**DIRECTIONS FOR THIS TASK**
Taking the line with "Komplet 7-częściowy do" as the first and the line with "Data & Analytics" as the last, set down the lines below exactly, pictures excluded.

**ENTRIES SUPPLIED**
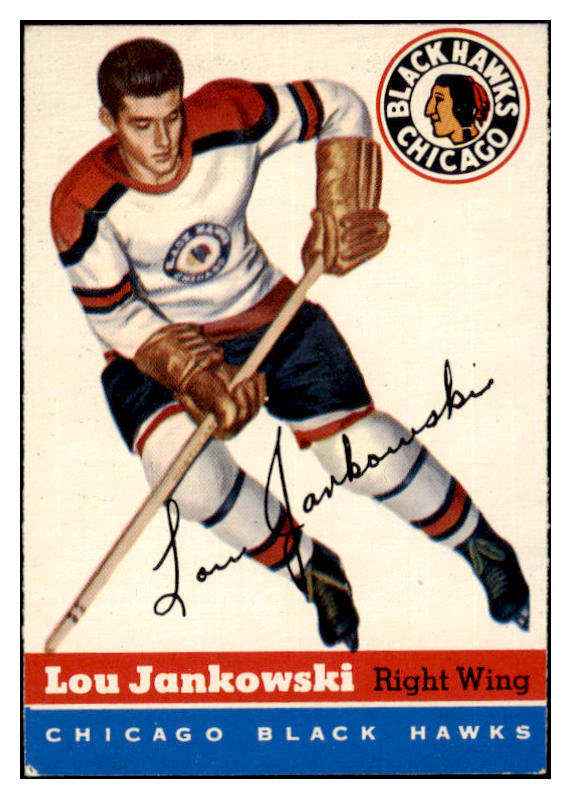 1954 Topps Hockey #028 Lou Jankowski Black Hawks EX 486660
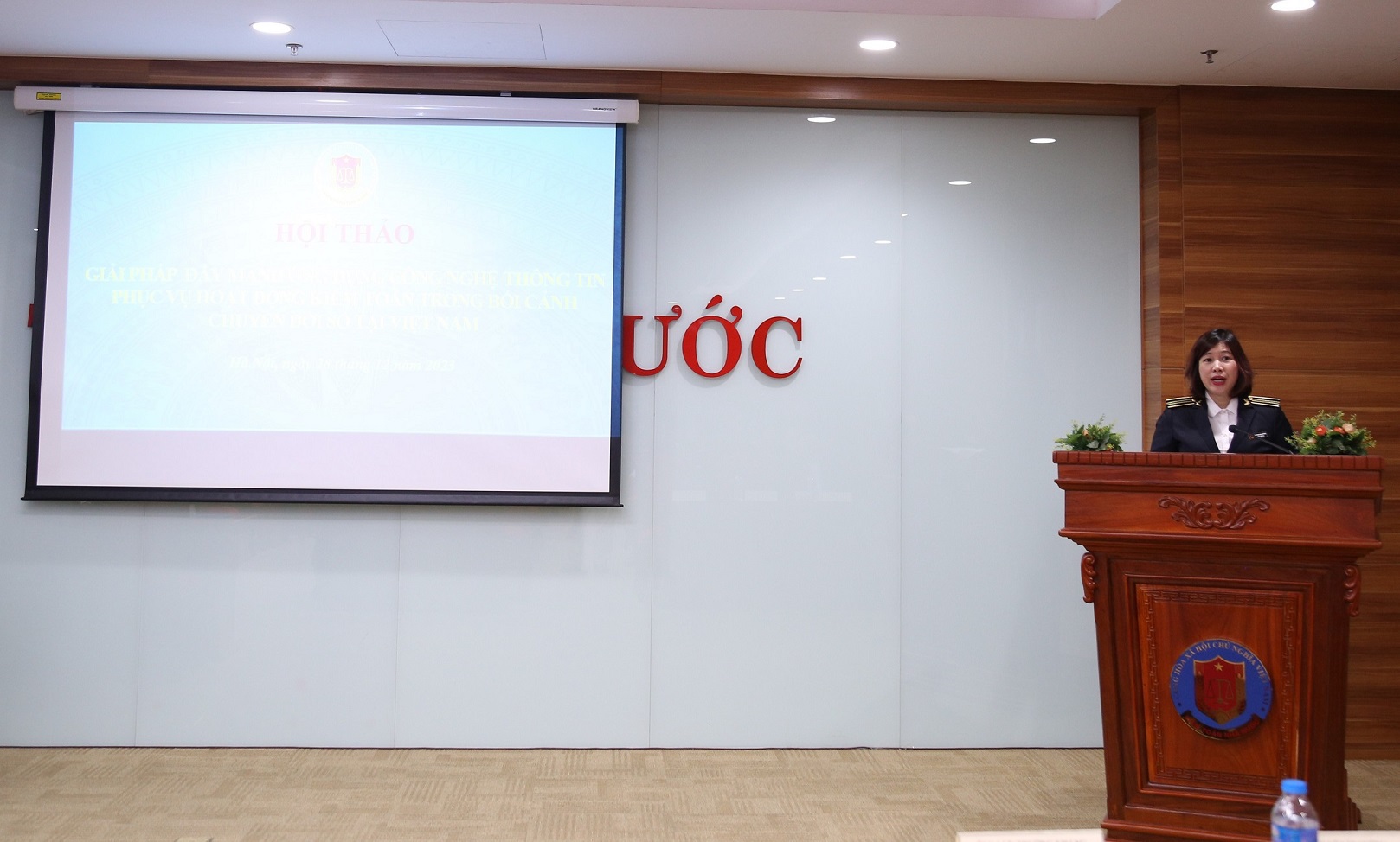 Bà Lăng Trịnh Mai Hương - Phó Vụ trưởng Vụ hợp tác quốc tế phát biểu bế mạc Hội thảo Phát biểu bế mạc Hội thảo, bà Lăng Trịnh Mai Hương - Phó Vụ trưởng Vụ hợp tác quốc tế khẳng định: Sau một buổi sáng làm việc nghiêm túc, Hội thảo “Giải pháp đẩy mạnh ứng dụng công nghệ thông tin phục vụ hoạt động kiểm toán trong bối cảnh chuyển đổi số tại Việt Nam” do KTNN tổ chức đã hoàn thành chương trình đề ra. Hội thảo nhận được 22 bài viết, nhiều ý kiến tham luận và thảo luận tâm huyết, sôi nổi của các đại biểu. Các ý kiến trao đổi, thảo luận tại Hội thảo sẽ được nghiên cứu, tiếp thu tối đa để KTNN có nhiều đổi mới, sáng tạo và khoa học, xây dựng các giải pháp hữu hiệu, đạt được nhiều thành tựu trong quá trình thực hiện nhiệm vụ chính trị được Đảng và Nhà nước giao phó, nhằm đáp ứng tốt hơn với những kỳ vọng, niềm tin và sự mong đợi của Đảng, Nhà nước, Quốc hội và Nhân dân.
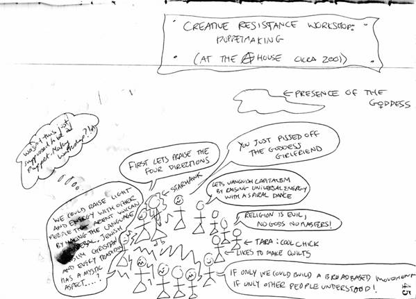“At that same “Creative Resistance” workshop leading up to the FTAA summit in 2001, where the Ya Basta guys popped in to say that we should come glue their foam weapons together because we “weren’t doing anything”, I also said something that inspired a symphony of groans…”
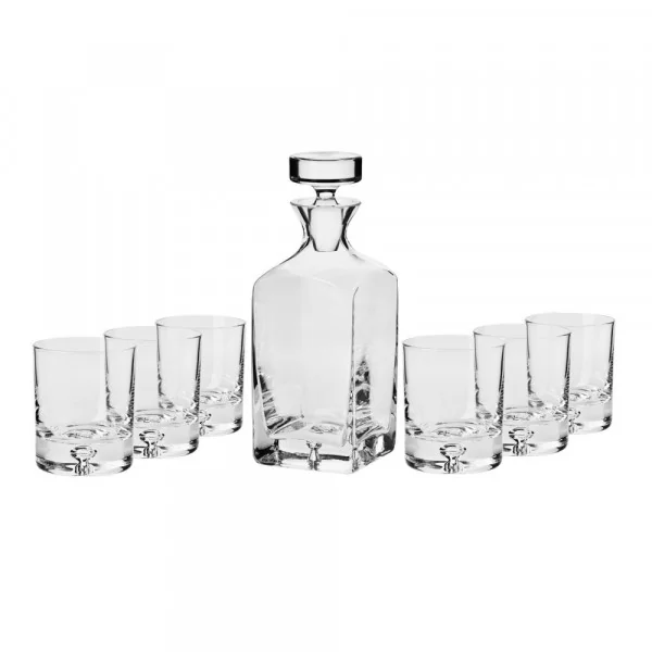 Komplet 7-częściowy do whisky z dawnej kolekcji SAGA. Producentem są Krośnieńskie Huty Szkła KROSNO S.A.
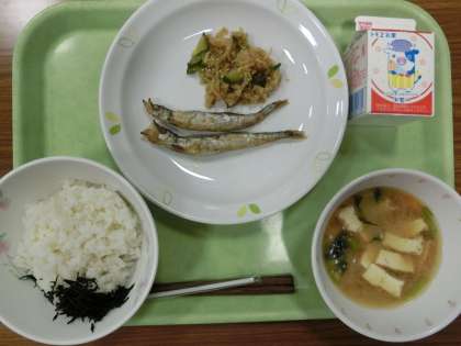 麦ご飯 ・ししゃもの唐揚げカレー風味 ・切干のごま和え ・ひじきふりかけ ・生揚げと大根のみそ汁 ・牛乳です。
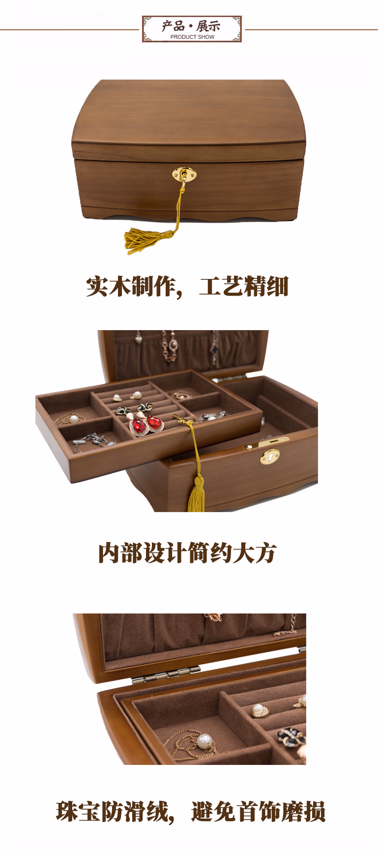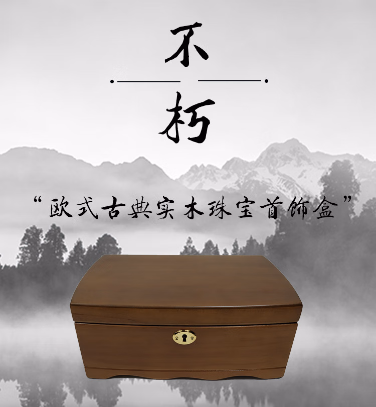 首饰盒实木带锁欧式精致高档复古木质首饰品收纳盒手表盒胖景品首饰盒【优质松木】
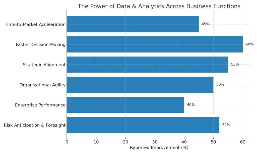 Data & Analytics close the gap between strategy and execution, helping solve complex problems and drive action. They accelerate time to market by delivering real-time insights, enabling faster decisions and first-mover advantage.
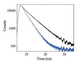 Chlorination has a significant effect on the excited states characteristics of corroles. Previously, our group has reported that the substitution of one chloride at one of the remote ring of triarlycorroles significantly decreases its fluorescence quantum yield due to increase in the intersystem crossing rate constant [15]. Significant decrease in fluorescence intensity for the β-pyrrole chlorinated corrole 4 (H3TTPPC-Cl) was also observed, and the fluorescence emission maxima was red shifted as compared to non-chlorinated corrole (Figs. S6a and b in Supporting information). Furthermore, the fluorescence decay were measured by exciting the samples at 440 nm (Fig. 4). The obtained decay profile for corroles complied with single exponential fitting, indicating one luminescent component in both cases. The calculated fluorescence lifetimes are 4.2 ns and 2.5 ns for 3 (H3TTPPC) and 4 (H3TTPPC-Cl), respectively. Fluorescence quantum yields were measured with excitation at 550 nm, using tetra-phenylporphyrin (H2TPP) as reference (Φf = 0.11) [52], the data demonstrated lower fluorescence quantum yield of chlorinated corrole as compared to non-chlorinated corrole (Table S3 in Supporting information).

...

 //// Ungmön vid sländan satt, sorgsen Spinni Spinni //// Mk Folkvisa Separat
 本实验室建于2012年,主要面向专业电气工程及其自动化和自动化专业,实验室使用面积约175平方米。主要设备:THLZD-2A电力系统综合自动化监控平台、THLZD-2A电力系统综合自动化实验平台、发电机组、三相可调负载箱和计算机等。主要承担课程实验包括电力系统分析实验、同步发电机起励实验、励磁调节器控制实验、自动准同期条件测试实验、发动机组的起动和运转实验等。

==

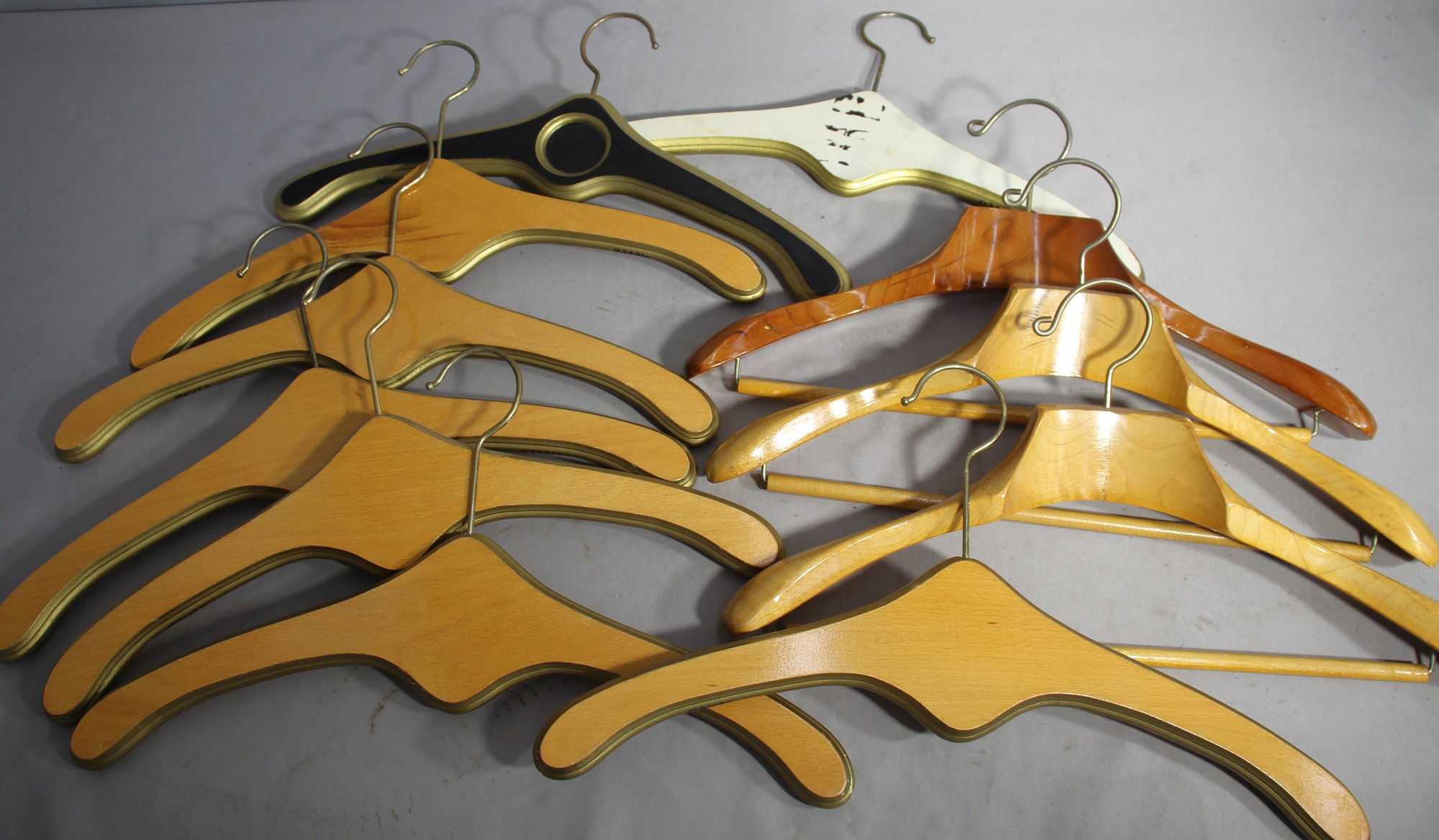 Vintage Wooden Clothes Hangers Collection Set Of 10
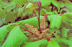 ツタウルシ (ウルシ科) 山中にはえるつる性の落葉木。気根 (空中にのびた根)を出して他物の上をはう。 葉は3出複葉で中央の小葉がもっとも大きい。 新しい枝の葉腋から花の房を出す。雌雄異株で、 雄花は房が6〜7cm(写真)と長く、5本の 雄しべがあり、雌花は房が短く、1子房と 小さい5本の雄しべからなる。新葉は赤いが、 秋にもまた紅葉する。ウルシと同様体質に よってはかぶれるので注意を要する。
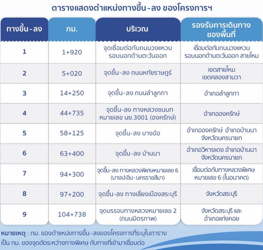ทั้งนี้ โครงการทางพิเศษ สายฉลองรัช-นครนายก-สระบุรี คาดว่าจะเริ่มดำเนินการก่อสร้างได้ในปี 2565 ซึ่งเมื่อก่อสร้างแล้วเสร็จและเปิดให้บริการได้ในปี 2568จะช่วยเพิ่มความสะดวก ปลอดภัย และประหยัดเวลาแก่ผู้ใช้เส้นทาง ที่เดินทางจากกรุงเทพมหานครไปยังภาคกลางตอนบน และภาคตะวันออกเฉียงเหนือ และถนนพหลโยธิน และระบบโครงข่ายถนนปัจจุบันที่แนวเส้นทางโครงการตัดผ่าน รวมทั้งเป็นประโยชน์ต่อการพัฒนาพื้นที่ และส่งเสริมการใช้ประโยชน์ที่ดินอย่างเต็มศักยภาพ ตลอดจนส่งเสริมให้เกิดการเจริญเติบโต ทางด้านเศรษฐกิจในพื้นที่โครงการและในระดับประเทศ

**EXERCISE ANSWER**
 Komplet 7-częściowy do whisky z dawnej kolekcji SAGA. Producentem są Krośnieńskie Huty Szkła KROSNO S.A.
 麦ご飯 ・ししゃもの唐揚げカレー風味 ・切干のごま和え ・ひじきふりかけ ・生揚げと大根のみそ汁 ・牛乳です。
 首饰盒实木带锁欧式精致高档复古木质首饰品收纳盒手表盒胖景品首饰盒【优质松木】
 Data & Analytics close the gap between strategy and execution, helping solve complex problems and drive action. They accelerate time to market by delivering real-time insights, enabling faster decisions and first-mover advantage.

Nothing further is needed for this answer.